Жан Семенович привычно щелкнул пальцами, передавая приказ официанту:
– Сто пятьдесят холодной!
– Нет, водка не должна быть холодной, – капризно произнес Белозерцев. – От холодной водки Пусечка простудится.
– Водку подогреть! – внес коррективы в свой приказ Жан Семенович.
– Сильно подогреть? – официант не удивился поправке. – Она же превратится в пар.

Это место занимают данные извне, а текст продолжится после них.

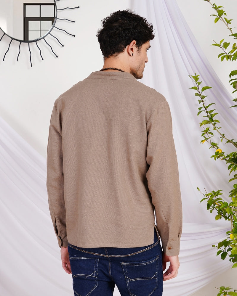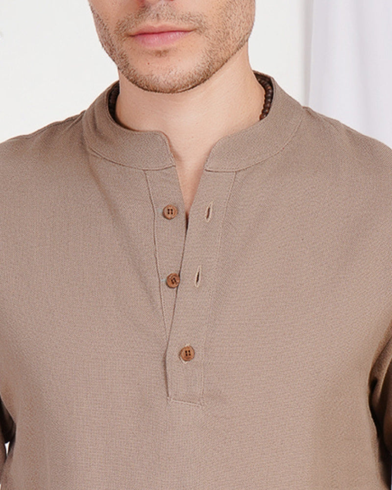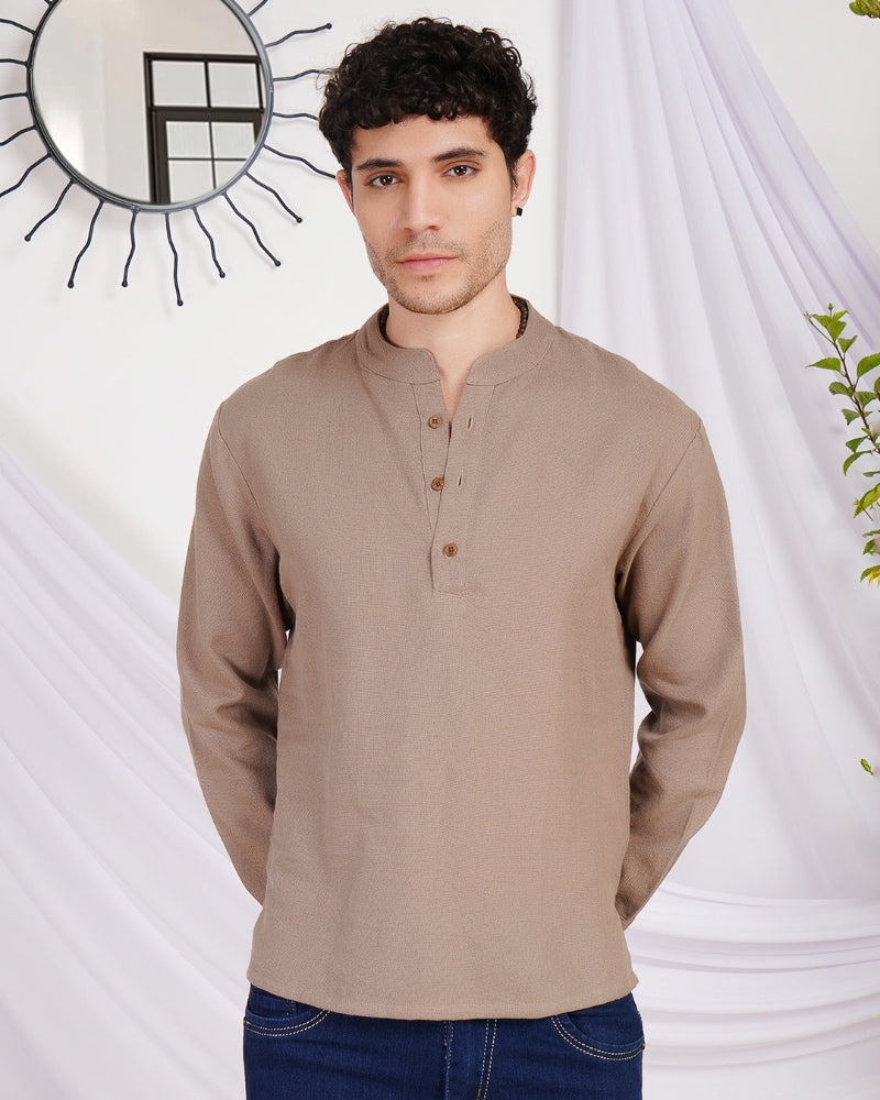 This bohemian long-sleeve shirt is crafted from ultra-breathable organic cotton that feels feather-light and grows softer with every wash. The earthy sand-tupe hue adds calm desert-sun charm, while the clean mandarin collar and half-placket keep it relaxed yet refined. A perfect everyday essential with breezy, boho ease.

– Не до кипения же, – зашипел на официанта Жан Семенович, – тепленькая должна быть. Как чаек. Чтобы горлу приятно было.
Официант наклонил голову, щелкнул каблуками и исчез.
– А остальным – шампанское, – увидев, что Пусечка сник, плечи у него обиженно сползли вниз, Белозерцев удовлетворенно кивнул. – Выпьем за женщин, за тех, кто нас любит, – повернулся к Вике, – и прежде всего – за тебя! Ты – та самая чаша, которую нельзя расплескать – ни одной капли не должно упасть на пол, это все равно что расплескать жизнь, – Белозерцев говорил, как ему казалось, усложненно, красиво, но он не видел себя со стороны, не видел, что глаза у Вики сделались строгими и насмешливыми, у Пусечки нервно задергалось одно плечо, а Жан Семенович стал очень скучным – он словно бы попал на лекцию о происхождении жизни на Марсе.
А Белозерцев продолжал говорить. Он говорил о том, что женщины – это украшение жизни, это драгоценные камни, которые, как этот бриллиант – Белозерцев ткнул пальцем в сверкающую каплю: алмаза, – должны иметь настоящую оправу, – не медь и не латунь, а чистое золото. Еще лучше – платину, едва он произнес слово «платина», как появился официант с подогретой водкой. Поставил графин перед Пусечкой.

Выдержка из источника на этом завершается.